While a challenging market for exit activity along with the lingering denominator effect is limiting deployment, preconditions are in place for another strong run by private software companies with leading PE sponsors at the helm.
Software sector valuations in public markets have sharply reset and are now below the mean. The performance of recent vintage PE funds has suffered, particularly those focused on technology. But this creates an opportunity, as the companies composing the sector operate with a compelling business model, and the business fundamentals are intact.
Key Takeaways:
Software providers’ margins improved in 2023 after economic storminess
Public market software firms are trading at premiums to private market companies on an EV/revenue basis
Tech deal activity is above pre-pandemic levels
SaaS business models are still compelling
Some of the best software company managers are in the PE space
We identified some of the specific details from the report indicating a promising software deal market in 2024.
Q3 2023 Deal Activity
Global Technology
Technology-focused PE deal value faded globally in Q3 2023 to $82.8 billion, down 2.0% from last quarter and down 26.3% from last year’s Q3, as conditions for dealmaking continue to be challenging.
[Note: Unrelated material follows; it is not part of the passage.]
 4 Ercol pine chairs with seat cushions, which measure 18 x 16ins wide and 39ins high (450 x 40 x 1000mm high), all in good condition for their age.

On a volume basis, with 655 deals in the quarter, down 8.4% from last quarter and 20.6% from Q3 2022.
PE activity in the IT sector is besting pre-pandemic levels, with 2023 YTD totaling $266.3 billion, a stout 28.5% above the 2017-2019 nine-month average of $207.2 billion. The 2023 deal volume YTD total is 2,121, 27.5% above the pre-pandemic average of 1,664.
Global Software
Although below the exceptional levels of 2021-2022, this year’s activity is still above pre-pandemic levels. Compared to the average first nine months of 2017 to 2019, 2023’s deal activity remains 30.0% higher in value, reaching $152.5 billion and 20.9% higher by volume, with 1,221 deals. While deal activity has waned from the frenzied levels of 2020-2021, it reflects a healthy appetite relative to the “old normal.”
Valuations: Public Software
The software sector is an integral and high-performing component of investment portfolios, delivering attractive risk-adjusted returns despite occasional market volatility. During the unprecedented times of the COVID-19 pandemic, the sector saw a remarkable surge in investor demand, pushing valuations to extraordinary heights. This period was marked by exuberant investor sentiment, escalating growth expectations to levels that were ultimately unsustainable.
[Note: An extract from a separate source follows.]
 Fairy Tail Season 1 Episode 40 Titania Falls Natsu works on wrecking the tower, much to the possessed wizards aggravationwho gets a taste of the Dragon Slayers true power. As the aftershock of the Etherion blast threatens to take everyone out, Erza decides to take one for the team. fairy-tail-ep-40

With rising interest rates and a decelerating economy shifting the landscape, economic projections reset, heightening recession risk in 2022 and prompting investors to reduce allocations in the software sector. In response, public market stock prices and valuations declined.
Amid a backdrop of heightened interest rates and macroeconomic and geopolitical uncertainties, publicly traded software companies have demonstrated remarkable resilience in 2023, as evidenced by their continued growth in EBITDA margins.
Software revenue expansion results from a strategic blend of pricing optimization, tactical acquisitions, customer retention enhancements, and increased spending per customer. Each component propels financial performance forward, as evidenced by the recent rise in EBITDA margins among public software companies. Software, more than any other sector, can yield solid improvements for a well-managed firm.
PE’s Software Playbook
There are encouraging signs of a technology M&A rebound in coming quarters for PE investors, such as:
Banks have slowly returned to lending to LBOs after freezing in H2 2022.
PE firms hold ample dry powder, and valuation levels have reset from two years ago.
LPs and specialized PE firms are inclined to invest in the tech software vertical because the business model lends itself to the transformation from unprofitable growth-at-all-costs to a state of solid growth with robust profitability. Successful execution of this strategy often results in outsize returns.
The software model is advantageous because companies sell on a recurring model (usually SaaS), a recurring license model, or a perpetual license with maintenance and support agreements. The recurring base provides stability during a recession since a business is not dependent on the next sale for profitability and viability.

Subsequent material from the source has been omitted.